# Ever had to use the gun for real?



## safetyfirst57 (Aug 1, 2008)

I'm new to guns and although I bought one from a gun dealer friend of mine, it's still in his "name" and he keeps it, as I don't trust myself with it yet. He an ex-navy seal and a former federal police officer and teaching me the "ropes"

But, my question is, has anyone out there ever had to use a gun to shoot someone for self protection?

What was the situation and how did it turn out?


----------



## unpecador (May 9, 2008)

What have you learned so far from your friend?


----------



## safetyfirst57 (Aug 1, 2008)

Never to pull out your gun unless you are in a life threatening situation, and if you do pull it out you better use it to kill.


----------



## BeefyBeefo (Jan 30, 2008)

...wow...

PLEASE review the thread linked to below, created by member _submoa_. Definitely start off by taking the course, I wouldn't even consider it optional, rather necessary if I were you.

http://www.handgunforum.net/showthread.php?t=14198

-Jeff-


----------



## zhurdan (Mar 21, 2008)

I'd say that the lesson he's taught you is about 2 years early for your current skill set.

1. Start with the basic safety rules (borrowed from a plethora of different websites)
Always treat the gun as loaded. 
Always keep the gun pointed in a safe direction. 
Always keep your finger straight and off the trigger until you are ready to shoot. 
Always keep the gun unloaded until you are ready to use it. 
Never point the gun at anything you don't intend to destroy. 
Be sure of your target and what is beyond it. 
Learn the mechanical and handling characteristics of the gun you are using. 
Always use proper Ammunition. 
Be sure the barrel is clear of obstructions before loading and shooting. 
If your gun fails to fire when the trigger is pulled, hold your shooting position for several seconds; then with the muzzle pointed in a safe direction, carefully unload the gun. 
Don't rely on the gun's safety to keep it from firing. 
Be aware of your surroundings when handling guns so you don't trip or lose your balance and accidentally point and/or fire the gun at anyone or anything.

2. Take an NRA safety course. The experience is worth your time, effort and money.

3. Use hearing protection, it's not macho to be deaf.

4. Understand that becoming proficient with handguns takes a long time (ie. two years or more depending on training and amount of practice)

5. Do not get ahead of your skill level. Don't go for speed because you saw someone else do it, work with the skill set you have, don't try to skip any steps.

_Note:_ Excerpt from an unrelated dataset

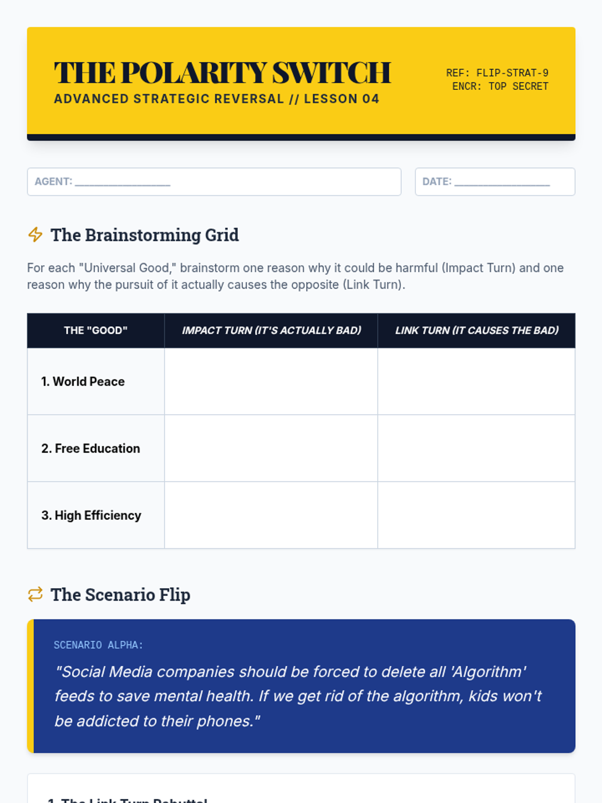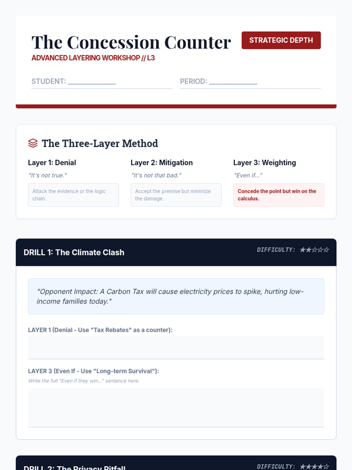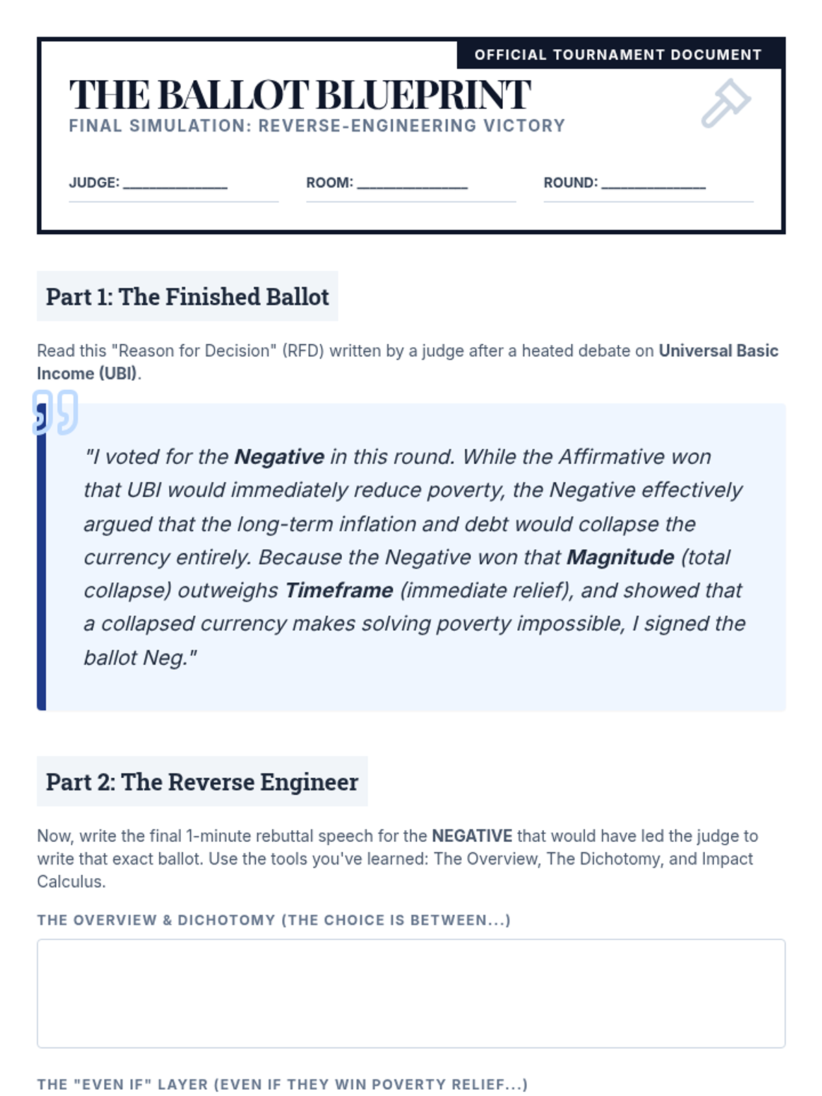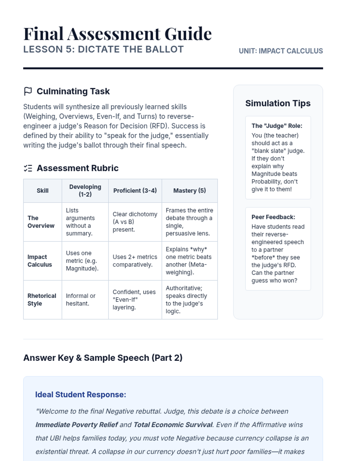 A comprehensive sequence for 9th-grade debate students focusing on impact calculus, comparative rebuttals, and closing arguments. Students move from analyzing weighing mechanisms to mastering advanced techniques like 'Even If' arguments and impact turns, culminating in the ability to write their own 'Reason for Decision' ballots.

I'm sure there's a ton more that people can offer up but there's a starter for you.

Zhur


----------



## 220combat (Oct 26, 2007)

TAKE THE NRA COURSE!!!

Don't worry about shooting someone untill you are READY to carry a weapon. Ready is more than knowing the rules, there is great responsibility and emotional control.


----------



## Mike Barham (Mar 30, 2006)

Gunsite Offense #606: _"Asking if a person has ever been in an armed confrontation."_

It's considered rude. If someone brings it up first, fine, but one should not ask.


----------



## unpecador (May 9, 2008)

If you follow the advice in *Zhurdan*'s post then you should be fine although you will need to have possession of the gun for the advice to be applicable.


----------



## safetyfirst57 (Aug 1, 2008)

Sorry, I did not know about the offense 606.


----------



## zhurdan (Mar 21, 2008)

HAHAHAHA!

I'd never heard of the Gunsite offenses either, so I did a little Googling.

Enjoy

Nice Mike, do they hand that out at Gunsite? It might be worth going just to have an original copy of that to frame and put on the wall.

Zhur


----------



## Mike Barham (Mar 30, 2006)

zhurdan said:


> HAHAHAHA!
> 
> Nice Mike, do they hand that out at Gunsite? It might be worth going just to have an original copy of that to frame and put on the wall.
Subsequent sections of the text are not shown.